The principle behind the warning is that any financial gains (your winnings) may be considered by VOSA as “hire and reward”. In which case, this requires you to have a special Operators Licence. If you are not in possession of an Operators Licence, you could face prosecution, in the worst case scenario.
In addition, if you were to offer a friend and their horse a lift in your horsebox, or simply help move a horse and receive “petrol money”, you may also need to have a Licence to Operate. This is because, VOSA may perceive this to be a “hire” transaction.
VOSA has warned the horsebox owners across the UK that it will bring a case against anyone considered to be breaking these laws. Having said that, it will be for the courts to determine if you have acted in a way that requires a Licence to Operate.
Jacquie January 26, 2010 at 10:32 am
some sense at last!
In line with the scrutiny under which these rules will be received, the ILPH is said to be disappointed that one of the main concerns, the maximum time period of a single journey, has not been addressed by the new horse transport rules. As with most legislation, these new guidelines appear to have a significant area of confusion.
Although DEFRA has stated that weekend competitors and drivers doing a friend a good deed for fuel money will not be targeted, there appeared to be no clear cut directive for the amateur competition yards or amateur breeders. DEFRA has stated that the way forward is to work on a case-by-case basis. Not exactly clear cut!
Kat February 16, 2010 at 02:33 pm
There is similar legislation in Spain where a license is required to move horses.
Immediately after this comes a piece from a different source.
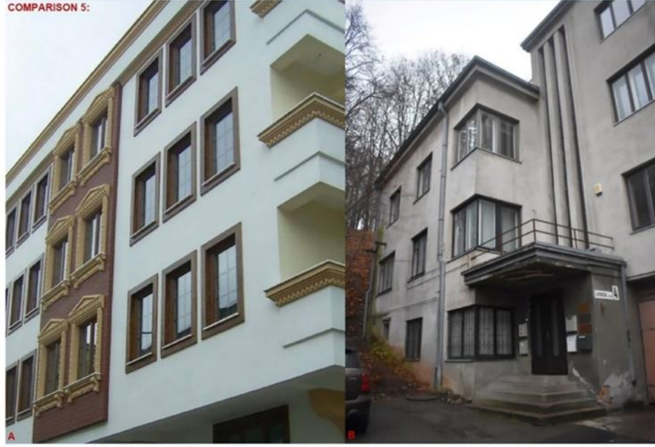
Fig 6: Example of the comparison sheet in the questionnaire which has been used for the analysis. 1) Turkey 2) Lithuania

However, the legislation introduced by the Spanish Government some years ago is very clear and straight forward, if a little draconian.
Spanish law states that for anyone to move a horse you must apply for a horse transportation licence. This applies to commercial operators as well as private individuals. Failure to obtain this licence could result in the horsebox, horse trailer, towing vehicle, horse and tack being impounded plus a huge fine and possible imprisonment.
If you are moving a horse permanently then the horse must be registered at the local veterinary office, normally in the town hall. Known as the Green Card, this document must be produced when requested by the police, veterinary services, council official or a potential buyer.